Retaknya Bingkai Hati

835 kali dibaca

Tak enak hatiku mendapati begini sikap suami. Dinginnya malam masih kalah dingin dengan sikapnya. Ketakutan-ketakutanku kala hendak menikah dengannya dulu terbukti sudah. Mungkin aku memang tak pantas untuknya. Dia terlalu baik untukku. Aku terlalu kotor untuknya.

Walau dia tak berkata apa-apa, namun aku dapat membaca gelagat sikapnya. Setelah malam pertama itu dia sepertinya curiga padaku. Apa yang telah kulakukan sebelum ini seperti dapat diendusnya. Sudah dua minggu dia menjadi suamiku, dan sudah begini rikuh rasanya bertatapan mata dengannya. Bagaimana waktu-waktu yang harus kulalui di masa yang akan datang?

Advertisements

Bukannya menghabiskan waktu bersamaku sebagai istrinya, dia justru setiap saat bersama Mas Malik, kakakku satu-satunya. Yang membuatku kesal, walau tak ada hal penting yang perlu dibicarakan, dia tetap berada di dekat Mas Malik. Menghindariku. Sebenarnya senang hatiku melihat keakraban mereka. Salah satu kebahagiaan suami-istri adalah dapat melihat pasangannya menjalin keakraban dengan sanak keluarga. Namun jika aku sebagai istrinya disisihkan?

Apakah aku sudah mencintainya?

Pertanyaan itu seketika membuat dadaku berdesir. Selama ini tak pernah ada dalam hatiku tersimpan namanya. Kalaupun ada, itu hanyalah perasaan ketertarikan melihat lawan jenis yang memiliki pelbagai kelebihan. Dan itu tidaklah selalu bisa dinamakan sebagai sebuah rasa cinta, menurutku.

Lalu kenapa aku jengkel merasa tak diperhatikannya? Perasaan cintakah yang menumbuhkannya? Bukankah rasa cinta selalu beririsan dengan benci? Aku menelan ludah. Meneguk gelisah.

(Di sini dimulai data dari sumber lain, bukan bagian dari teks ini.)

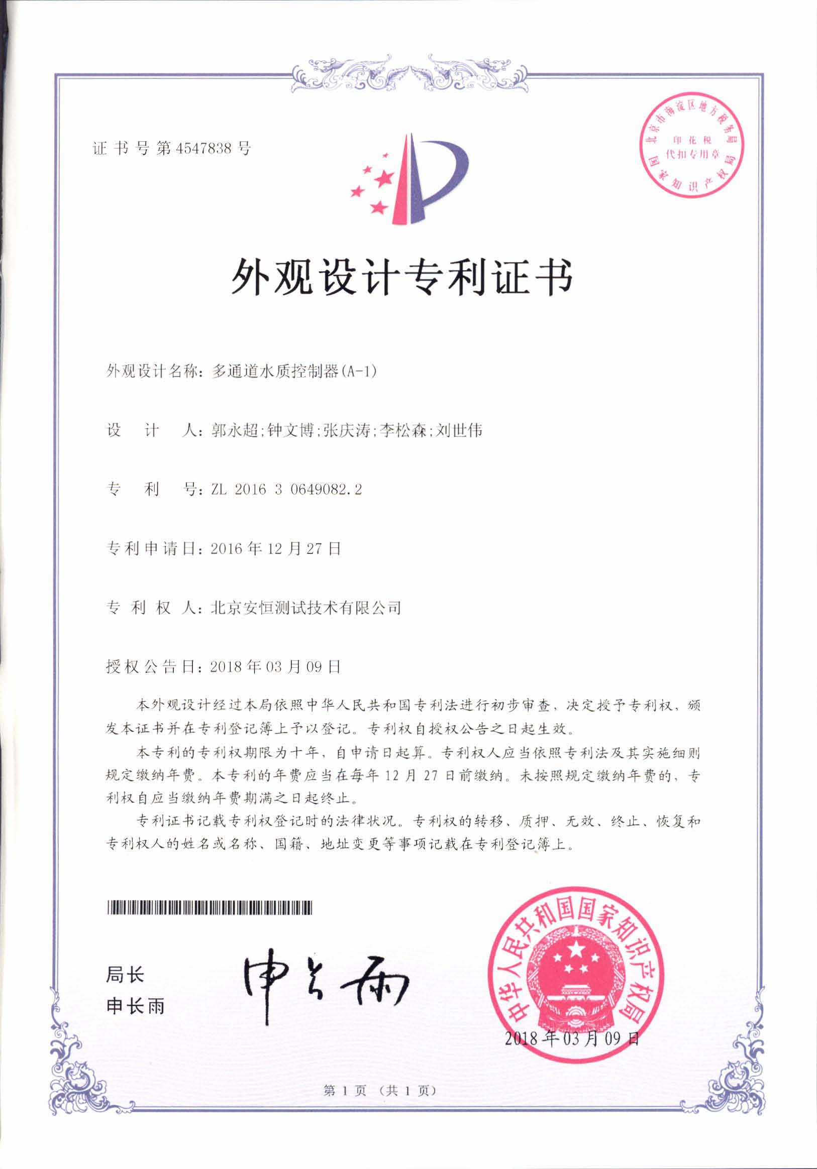 外观设计——多通道水质控制器(A-1)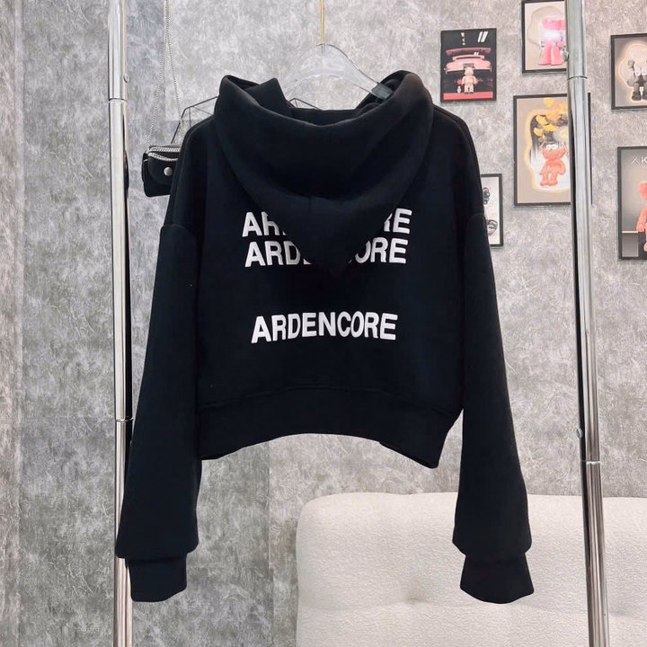 Tên sản phẩm: Áo Khoác Lửng Nữ Vải Nỉ Pc Dày Mịn Bo Dệt Nón Rộng In Chữ Lưng Arden Tp093 – Golden Dream
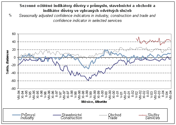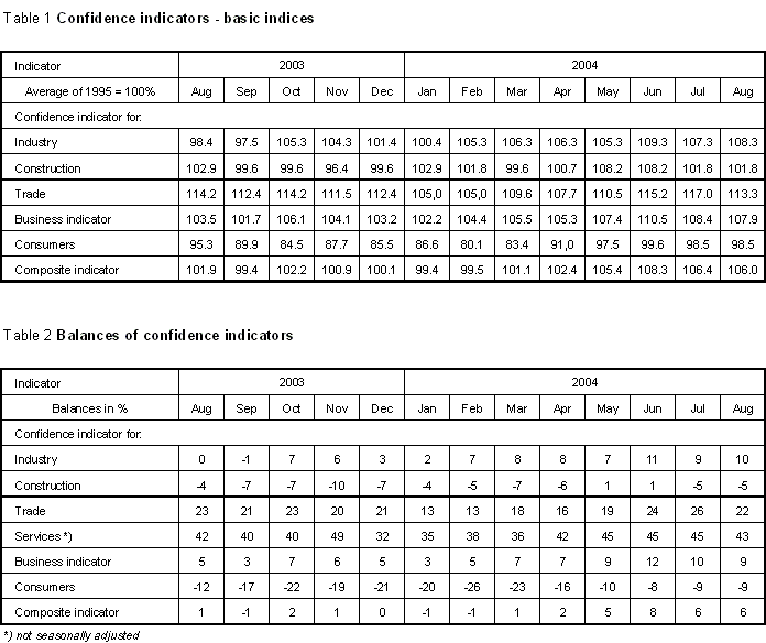 In August 2004 , the composite confidence indicator balance and the consumer confidence indicator balance remained unchanged month-on-month; the business confidence indicator balance dropped slightly, due to a decrease in the confidence indicator in trade. The confidence indicators reach favourable values in the long term.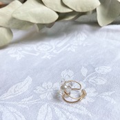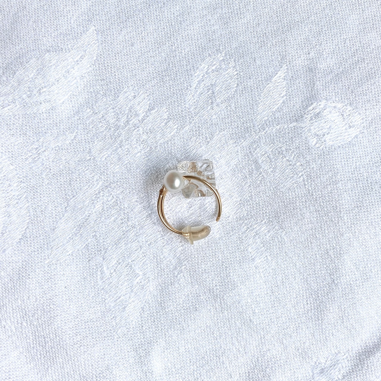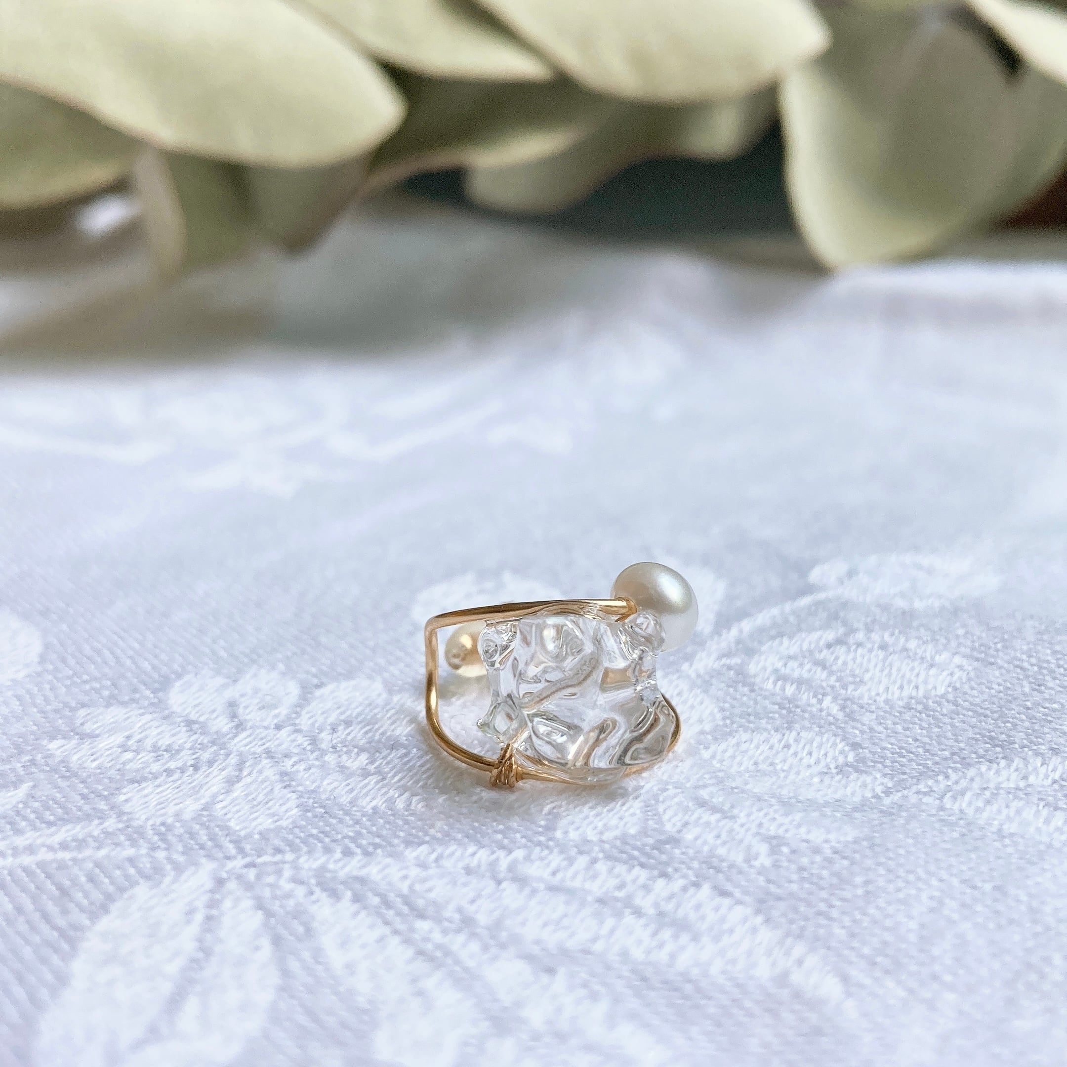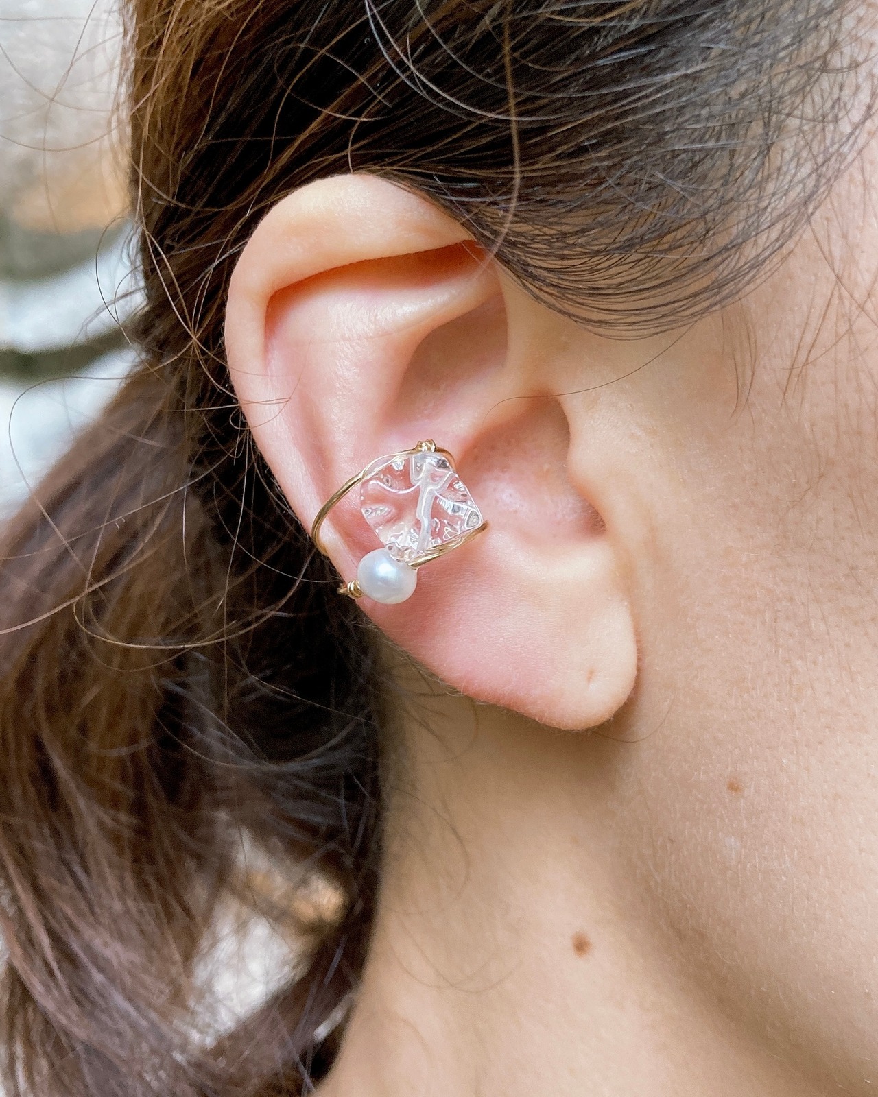 金平糖のようにポコポコした形の水晶と淡水パールを合わせたイヤーカフ。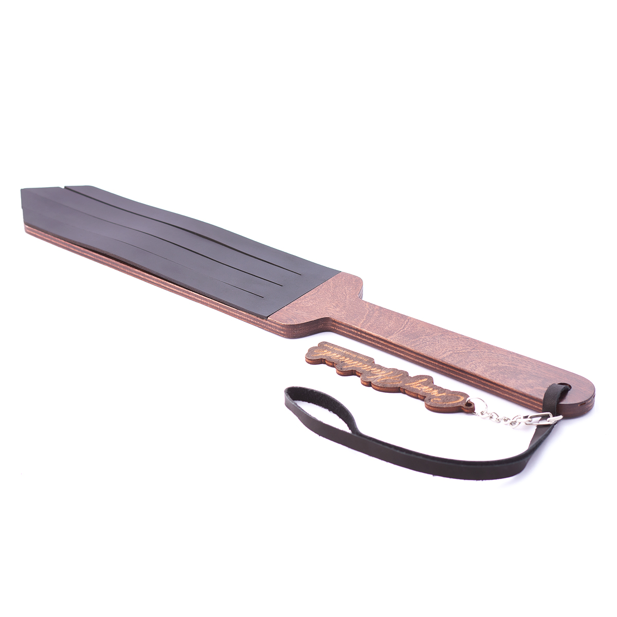 Паддл Крэйзи хенд-мейд с кожаным покрытием комбинированный с деревом. Технически прост в применении и относительно неопасен, хотя при сильном воздействии наносит очень чувствительные шлепки. Общая длина — 38 см. Длина ударной части — 20 см. Ширина — 6,5 см. Натуральная кожа

Pikiranku kembali berputar-putar. Apakah rasa jengkel ini tumbuh karena hakku sebagai istrinya tak terpenuhi? Ataukah karena telah tumbuh rasa cinta di hatiku? Carut-marut hatiku. Kalang kabut hati ini menata perasaan. Kebahagiaan yang ingin kusemai di biduk rumah tangga rupanya tandus belaka.

Telah dingin kopi yang kuseduh beberapa saat yang lalu, dan dia tak kunjung pulang. Kutanyakan pada umi apa yang seharusnya aku lakukan, perempuan penuh kasih sayang itu memintaku tenang menunggunya di sini. Kulakukan apa yang dimintanya itu. Aku kembali ke kamar guna merapikan tempat tidur. Kusemprotkan pewangi ruangan. Kubuka jendela lebar-lebar. Lalu kuhamparkan sajadah dan segera aku melaksanakan salat dhuha. Kuhirup ketenangan dalam setiap gerakan salat dan setiap untaian doa yang kubaca.